Le plus gros du dénivelé se situe sur les 5 derniers kilomètres. Les jambes sont dures. Aux 3 ravitaillements de la montée, ne pouvant plus ingurgiter de gels (trop de sucres), j’ai adopté la stratégie « tucs dans un verre de coca » pour qu’ils deviennent bien mous et soient facile à avaler sans mâcher. Manger saler me fait du bien.

Come on ! Nous sommes à 2 kms de l’arrivée et nous apercevons enfin le sommet après un long moment dans la forêt au frais. Le soleil à cette heure n’est plus dérangeant et le paysage est magnifique. Je vois 3 concurrents pas très loin devant. Gael me motive. Je décide alors de tout donner pour les doubler.

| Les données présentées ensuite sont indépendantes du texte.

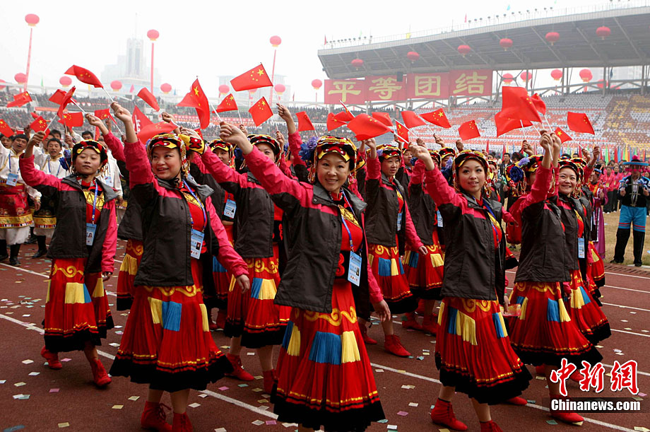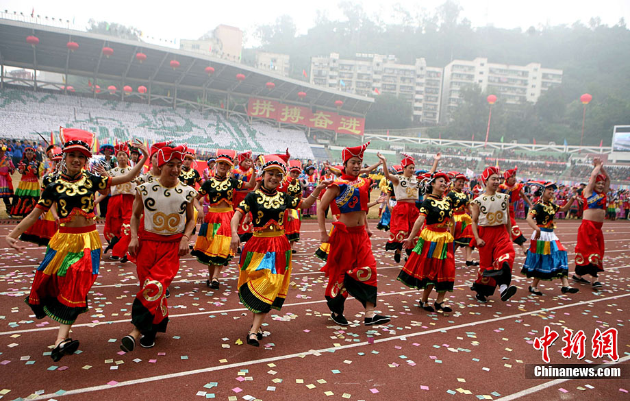 11月10日,四川省第13屆少數(shù)民族體育運動會在攀枝花拉開帷幕。來自涼山州、甘孜州、阿壩州、樂山市、雅安市等10個市州以及西南民族大學(xué)、成都體育學(xué)院共12支代表隊1066名運動員,將參加陀螺、民族式摔跤、田徑等9個競賽項目7天的比賽。本次運動會是四川歷屆少數(shù)民族運動會規(guī)模最大的一次,所有項目均可免費觀看。中新社發(fā) 劉忠俊 攝

C’est les yeux humides, de douleurs, que je double le 3eme à 200m de l’arrivée et que je passe l’arche finale : 14h20. Amandine était là pour notre arrivée, heureuse que ce soit terminé sans que je ne me sois fait mal à la mâchoire. Je me classe 36eme sur la partie course à pied.


Conclusion

Le temps final est assez anecdotique. Le classement également : je finis à la 43eme place. Malgré ma belle remontée sur la partie course à pied, je pense honnêtement qu’avec une préparation non tronquée et une mâchoire non cassée, j'aurais pu terminer dans mon objectif de 13h et accrocher le top 10. Nous ne le serons jamais et avec des si on gagne à Kona ! Je suis malgré tout content d'être allé au bout de la course et le volume ne sera pas perdu pour la suite de la saison.

Selon moi le parcours vélo est challengeant sans être trop dûr si l'entrainement a été suivis : il n'y a pas vraiment de cols avec des forts pourcentages de bas en haut comme à l'Evergreen ou au Swissman par exemple. Les paysages sont sympas, avec la natation dans le lac d'Annecy et l'arrivée en haut du Semnoz avec une superbe vue.

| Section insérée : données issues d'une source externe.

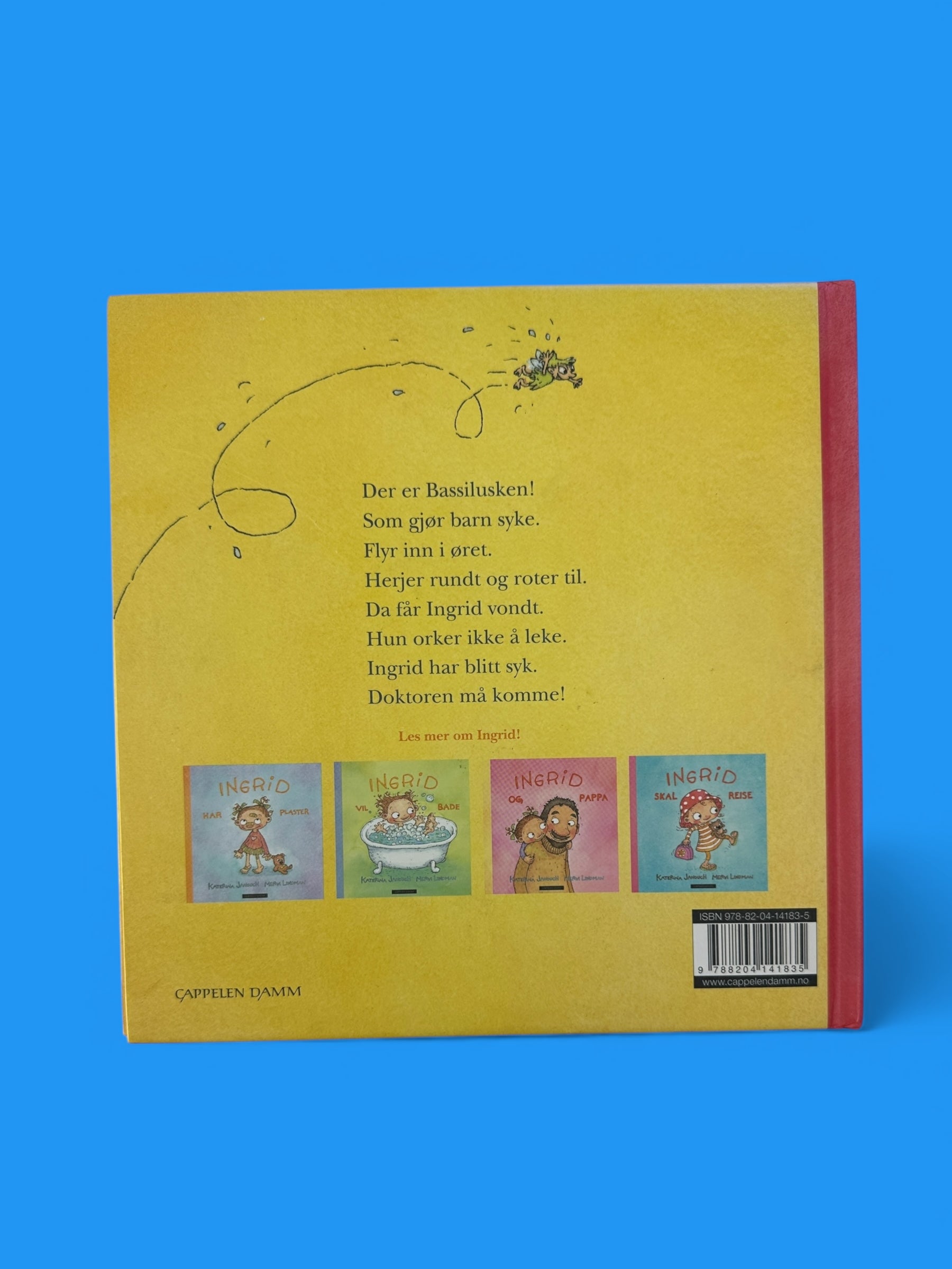 Tredje bok om populære Ingrid. Der er Bassilusken! Som gjør barna syke. Flyr inn i øret. Herjer rundt og er rampete.

Après la course, j'ai vu mon chirurgien privé qui m'a demandé le résultat de ma course et n'y croyait pas au début. Il pensait que j'abandonnerais dû à la fatigue des deux anesthésies générales et du manque d'entrainement. Je lui ai répondu que lorsque la tête le veut, le corps le peut :)

Maintenant, cap sur l'objectif principal de la saison : la Diagonale... en espérant qu'après une nouvelle anesthésie générale prévue début juillet je sois tranquille jusqu'en octobre.